His best season came in 1991, when started all 16 games at right outside linebacker, finishing with 90 tackles and 8 sacks (second on the team). A pulled hamstring in the season finale at San Francisco forced him to miss the playoff loss against the Dallas Cowboys. He was also voted NFC player of the week, after registering 11 tackles, 2 sacks and one pass defensed in a 21–20 win against the Tampa Bay Buccaneers. The next year, although he started 13 games, his sack production dropped to 2.5 sacks.

In 1993, former Dallas Cowboys defensive coordinator Dave Wannstedt became the new head coach for the Chicago Bears and implemented a 4–3 defense where Roper and other linebackers already in the roster were no longer a good fit. He was eventually traded to the Cowboys along with tight end Kelly Blackwell and safety Markus Paul, in exchange for linebacker Vinson Smith, Barry Minter and a sixth-round draft pick in the 1995 NFL draft.

===Dallas Cowboys===
It has been mentioned that Dallas Cowboys head coach Jimmy Johnson accepted the trade to help close friend Dave Wannstedt in his new job, with all of the players received eventually being waived.

Roper didn't fit the Cowboys 4–3 defense either, which was the same system that was being implemented in Chicago. He recorded 3 tackles and 2 sacks in three games with the team, playing mainly on special teams.

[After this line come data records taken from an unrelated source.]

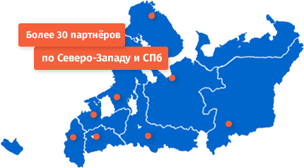 Санкт-Петербург (СПб), Калининград, Архангельск, Череповец, Мурманск, Вологда, Петрозаводск, Сыктывкар, Великий Новгород, Псков, Северодвинск, Ухта, Великие Луки, Гатчина, Выборг.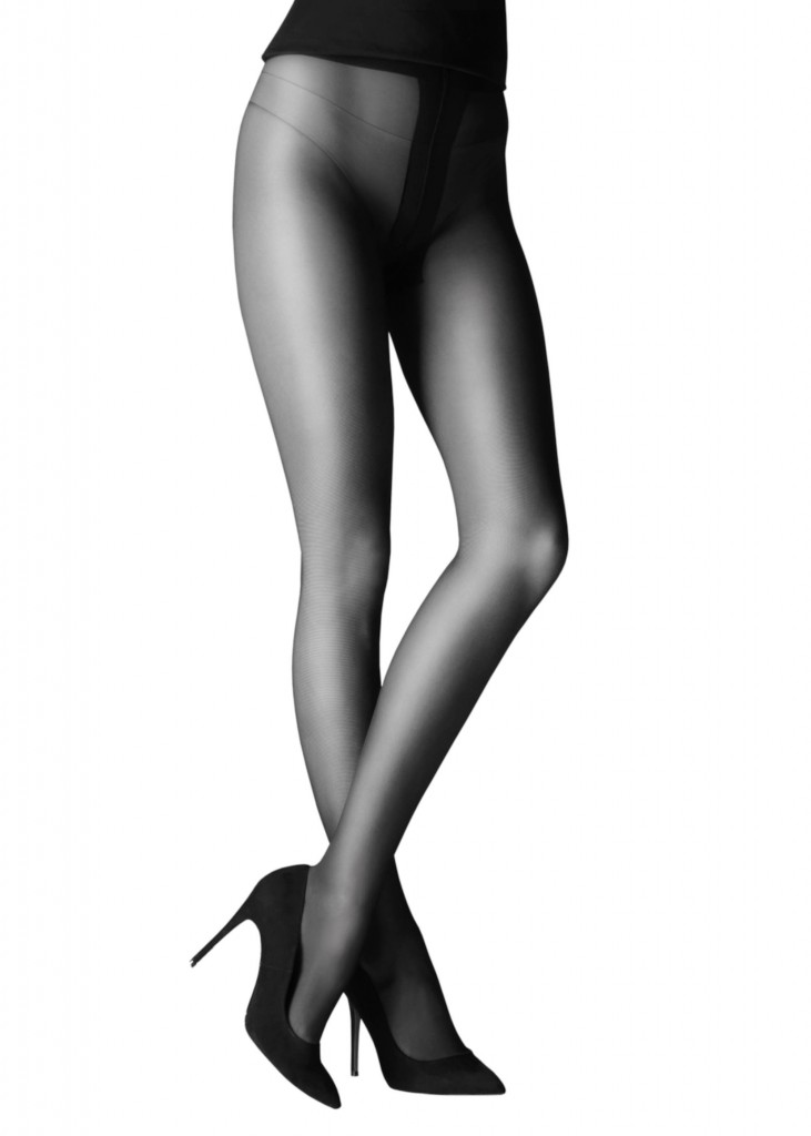 Glatte Feinstrumpfhose, glänzend, 15 DEN. Durchgehend transparent, mit leicht verstärkter Fußspitze, breitem Komfort-Taillenbund, handgefertigten flachen Nähten und atmungsaktivem Baumwollzwickel.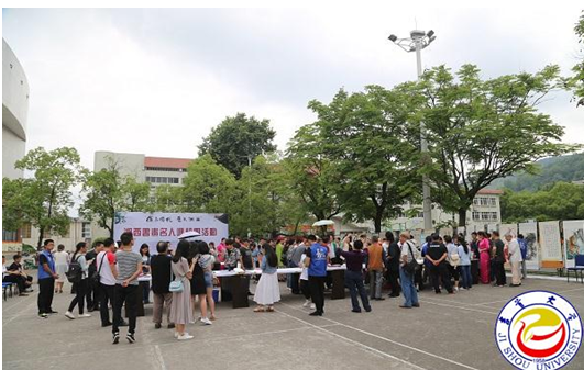 5月20日,新吉大体育馆前,翰墨飘香,名家荟萃,我处和州老书协、州文联等单位及学校相关部门举办的“传承传统 爱我湘西”湘西书画名人进校园活动在这里隆重举行。湘西州人大原副主任、州老年书画协会会长彭司礼,湘西州文联副主席罗应奉,我校副校长龙先琼及相关职能部门负责人,湘西著名书画家林时九、毛光辉、王焕林,我校97岁高龄的书家彭秀模先生等与广大书法爱好者欢聚一堂,传播优秀传统文化,共赏书画艺术瑰宝。
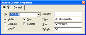 To define a SftTabs/DLL control, enter the class SftTabsControl60 in the edit field labeled Class. A window caption is not necessary, so the edit field marked Caption can be left blank.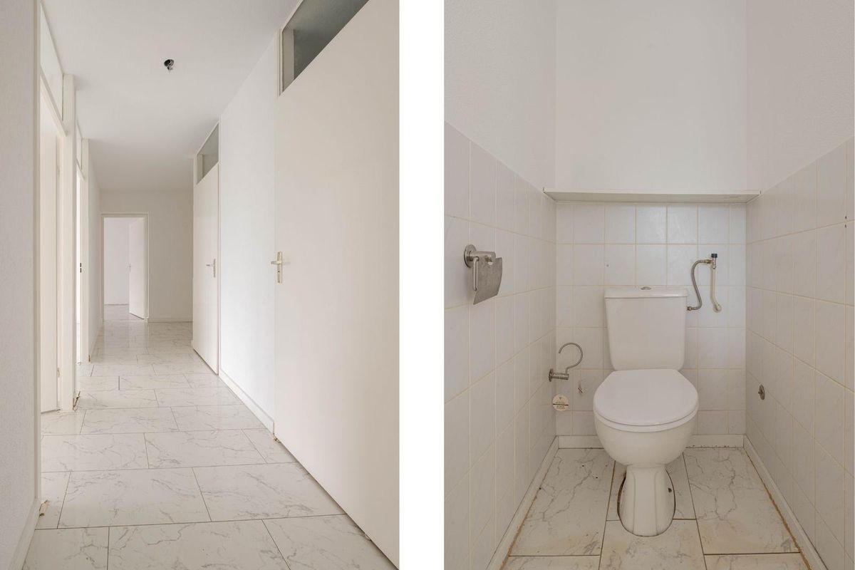 * Toiletruimte met duoblok-opstelling en half betegeld.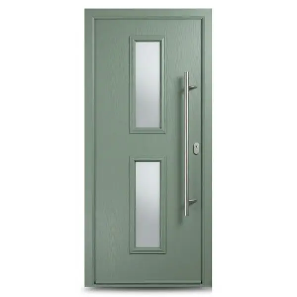 With two vertically aligned glazed panels, the design allows natural light to enter your hallway while keeping privacy intact through its frosted finish. The proportions feel considered and symmetrical, giving the entrance a refined look rather than something overly decorative. Paired with the long stainless steel bar handle, the door feels modern and confident.

In Cowboys lore, Roper is known for being cut by Johnson, in order to send the team a message, after he fell asleep during a special teams meeting prior to their October 17 game against the San Francisco 49ers in 1993.

===Philadelphia Eagles===
The Philadelphia Eagles after previously in the year trying twice to trade for Roper, signed him as a free agent on November 17, 1993. He was waived in a salary cap move on June 3, 1994.